- **EXERCISE REQUIREMENTS**
Print the lines that run from the line with "72764210 alte Postkarte" to the line with "Close up view", keeping both end lines, exactly as they appear in the entries below, and nothing else.

- **PROVIDED ENTRIES**

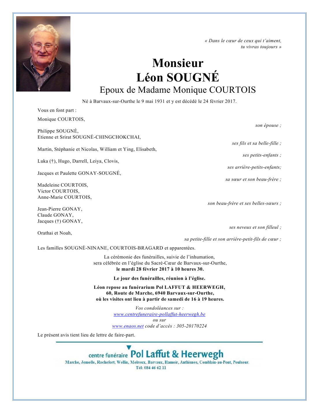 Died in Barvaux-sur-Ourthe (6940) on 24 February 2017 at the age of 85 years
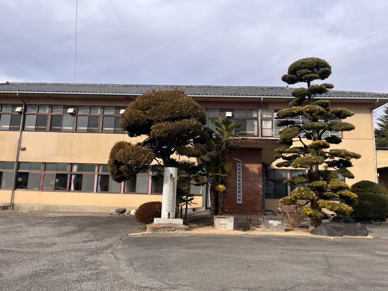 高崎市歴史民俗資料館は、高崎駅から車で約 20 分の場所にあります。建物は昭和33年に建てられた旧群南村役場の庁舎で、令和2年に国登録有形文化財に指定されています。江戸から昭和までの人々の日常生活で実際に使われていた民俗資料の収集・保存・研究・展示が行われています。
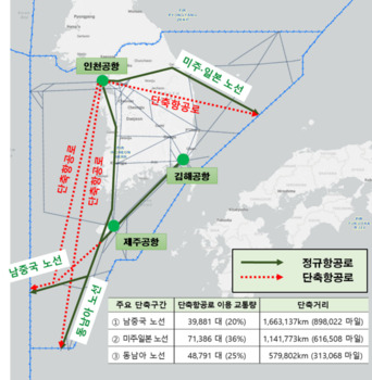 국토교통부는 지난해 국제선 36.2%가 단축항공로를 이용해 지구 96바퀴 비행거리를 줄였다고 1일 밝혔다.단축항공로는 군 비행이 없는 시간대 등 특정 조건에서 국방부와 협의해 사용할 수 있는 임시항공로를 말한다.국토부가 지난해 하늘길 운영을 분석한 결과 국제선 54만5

==

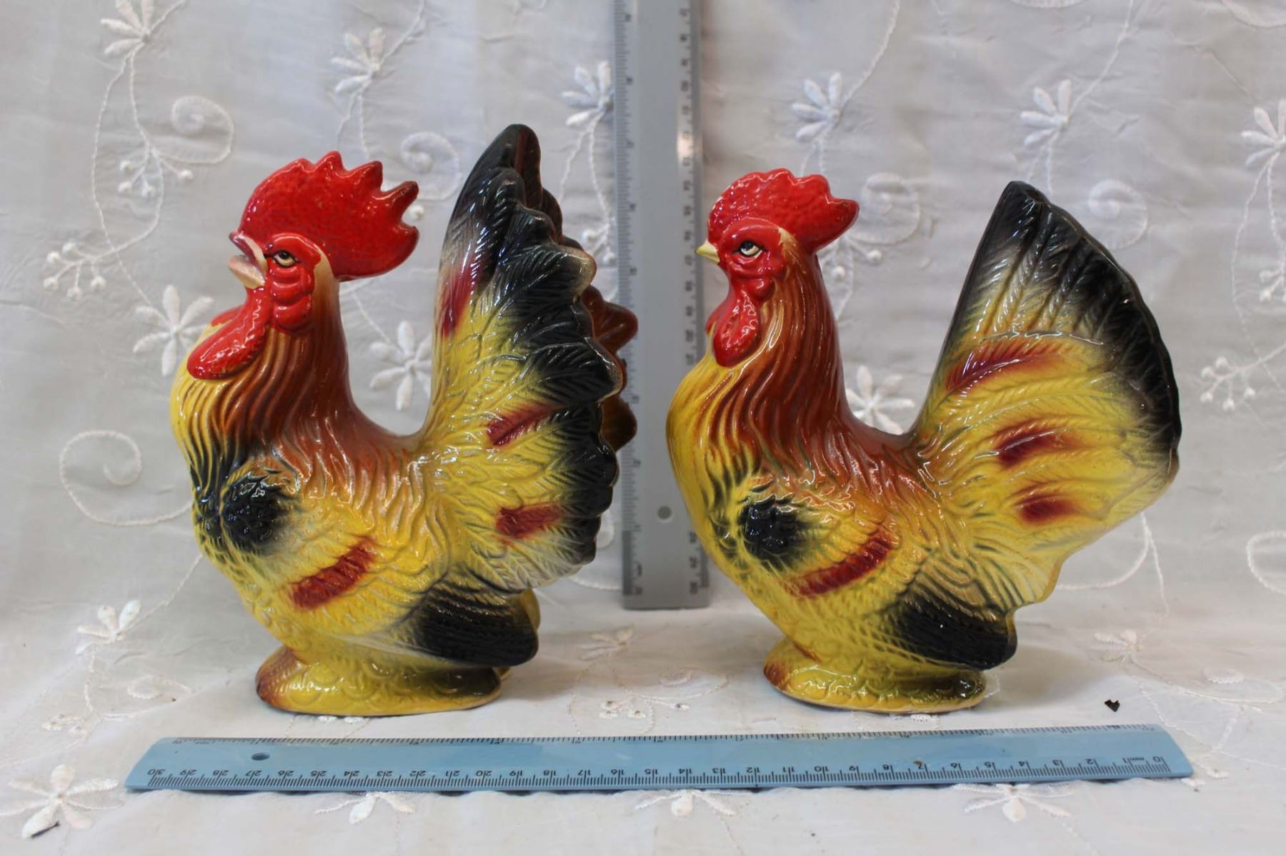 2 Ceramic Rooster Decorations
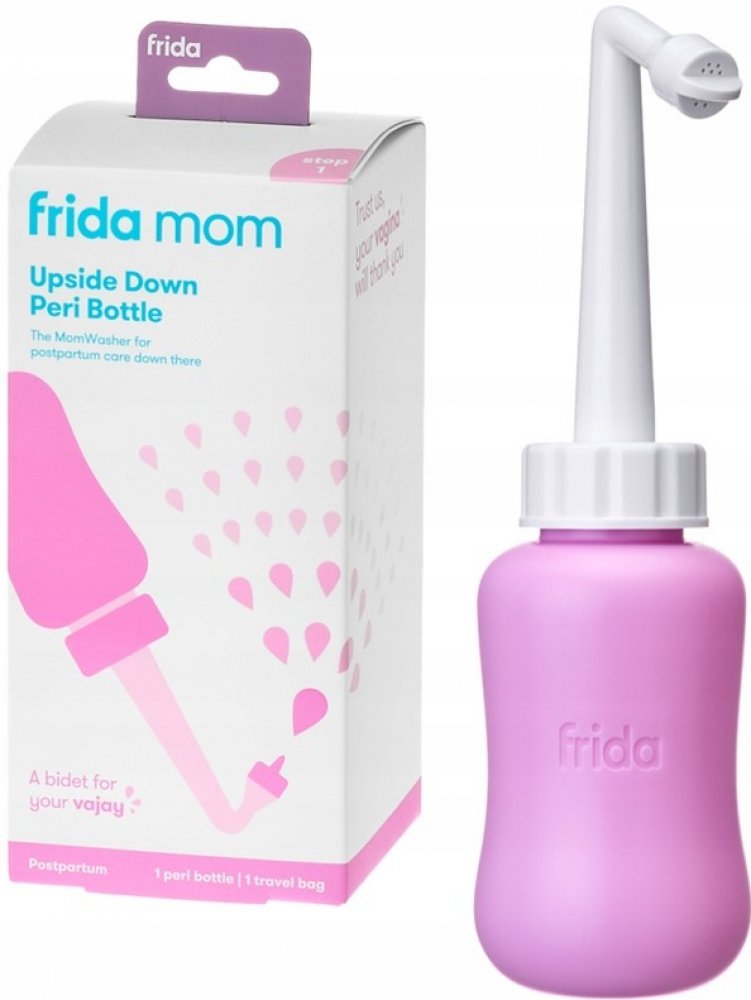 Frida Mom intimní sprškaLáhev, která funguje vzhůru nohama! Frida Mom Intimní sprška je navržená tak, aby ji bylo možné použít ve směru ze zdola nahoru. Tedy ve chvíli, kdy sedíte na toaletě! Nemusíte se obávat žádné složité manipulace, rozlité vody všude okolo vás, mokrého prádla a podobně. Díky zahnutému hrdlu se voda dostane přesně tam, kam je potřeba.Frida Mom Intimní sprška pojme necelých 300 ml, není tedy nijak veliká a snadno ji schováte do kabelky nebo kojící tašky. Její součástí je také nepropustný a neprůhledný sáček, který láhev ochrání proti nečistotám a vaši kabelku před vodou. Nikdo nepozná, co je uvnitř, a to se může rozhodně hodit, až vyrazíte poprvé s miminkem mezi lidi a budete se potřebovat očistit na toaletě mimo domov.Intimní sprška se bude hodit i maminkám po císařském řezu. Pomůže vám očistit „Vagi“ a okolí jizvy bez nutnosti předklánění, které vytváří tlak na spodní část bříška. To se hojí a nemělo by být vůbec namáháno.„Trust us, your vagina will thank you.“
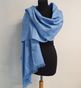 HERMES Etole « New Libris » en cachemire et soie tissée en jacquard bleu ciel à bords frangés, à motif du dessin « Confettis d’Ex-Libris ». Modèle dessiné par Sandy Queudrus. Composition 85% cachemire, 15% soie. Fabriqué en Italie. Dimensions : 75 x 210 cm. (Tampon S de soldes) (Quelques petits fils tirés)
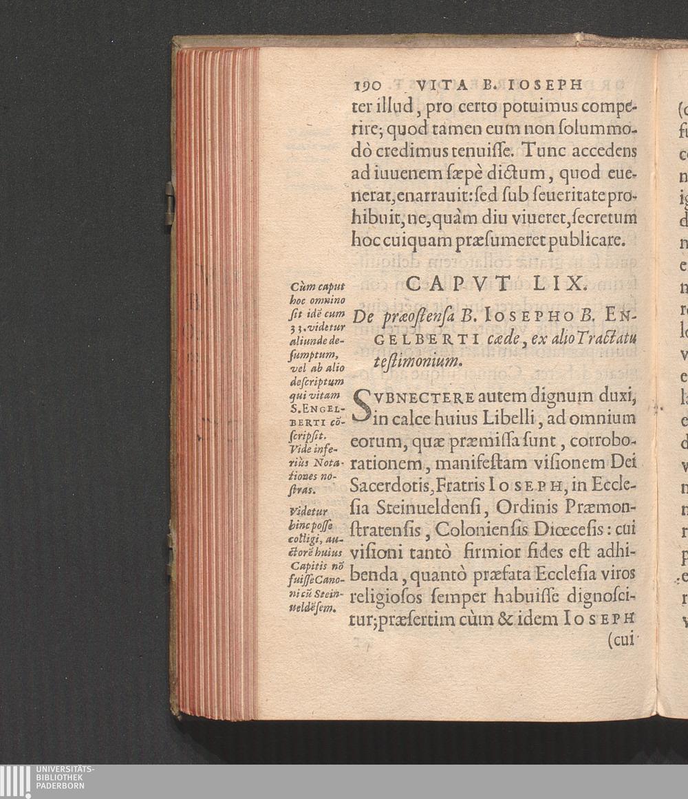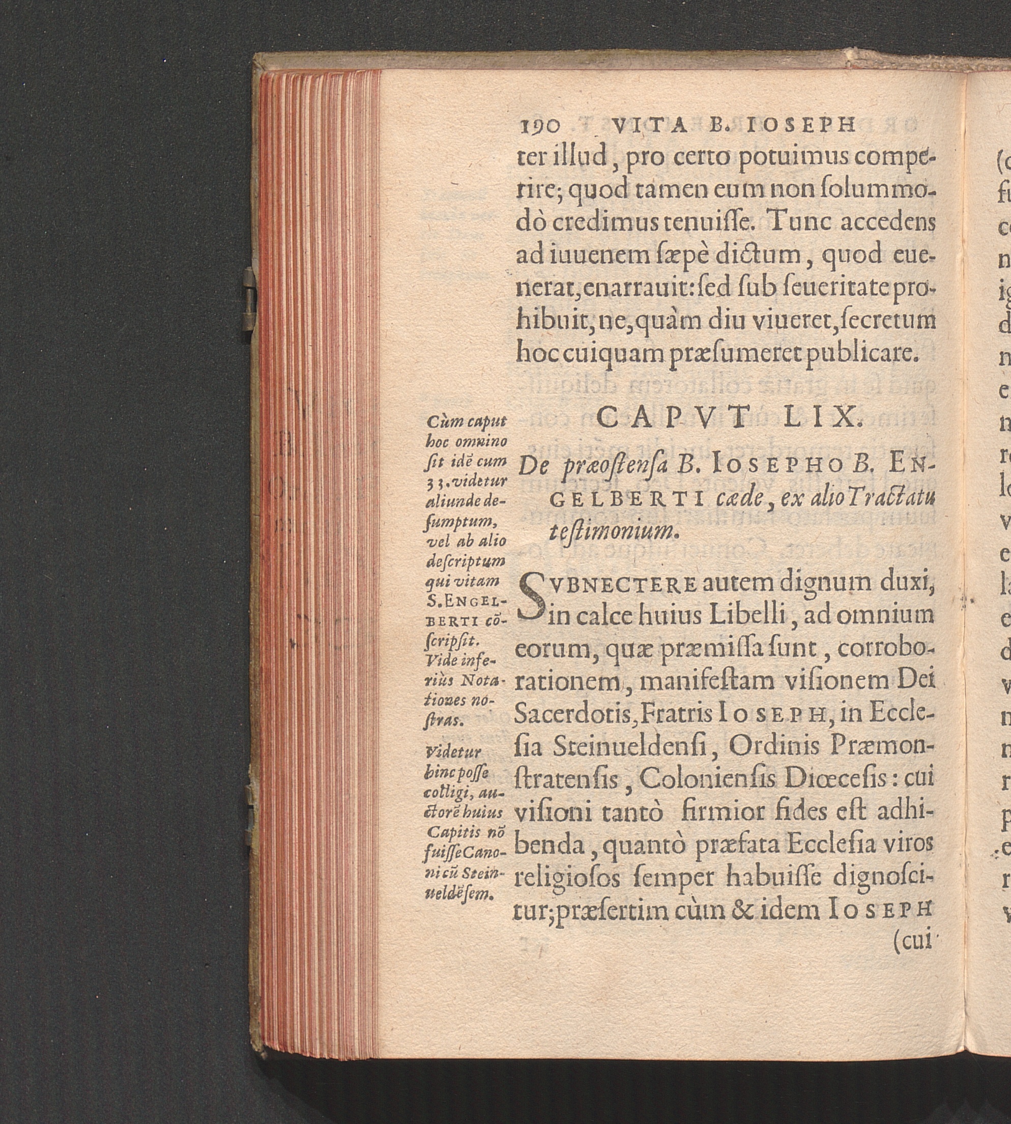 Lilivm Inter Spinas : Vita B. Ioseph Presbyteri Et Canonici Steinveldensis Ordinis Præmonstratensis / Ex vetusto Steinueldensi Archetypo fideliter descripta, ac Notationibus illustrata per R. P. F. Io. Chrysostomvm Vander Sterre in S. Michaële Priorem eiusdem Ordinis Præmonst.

...

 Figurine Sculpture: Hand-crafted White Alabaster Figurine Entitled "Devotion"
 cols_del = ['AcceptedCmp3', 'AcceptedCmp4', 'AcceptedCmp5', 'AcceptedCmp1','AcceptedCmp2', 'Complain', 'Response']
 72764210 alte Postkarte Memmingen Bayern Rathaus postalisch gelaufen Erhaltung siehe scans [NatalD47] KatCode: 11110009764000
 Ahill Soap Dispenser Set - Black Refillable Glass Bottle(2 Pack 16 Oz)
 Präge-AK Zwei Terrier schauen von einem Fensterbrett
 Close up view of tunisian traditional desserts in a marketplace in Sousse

- **REPLY TO THE TASK**
 72764210 alte Postkarte Memmingen Bayern Rathaus postalisch gelaufen Erhaltung siehe scans [NatalD47] KatCode: 11110009764000
 Ahill Soap Dispenser Set - Black Refillable Glass Bottle(2 Pack 16 Oz)
 Präge-AK Zwei Terrier schauen von einem Fensterbrett
 Close up view of tunisian traditional desserts in a marketplace in Sousse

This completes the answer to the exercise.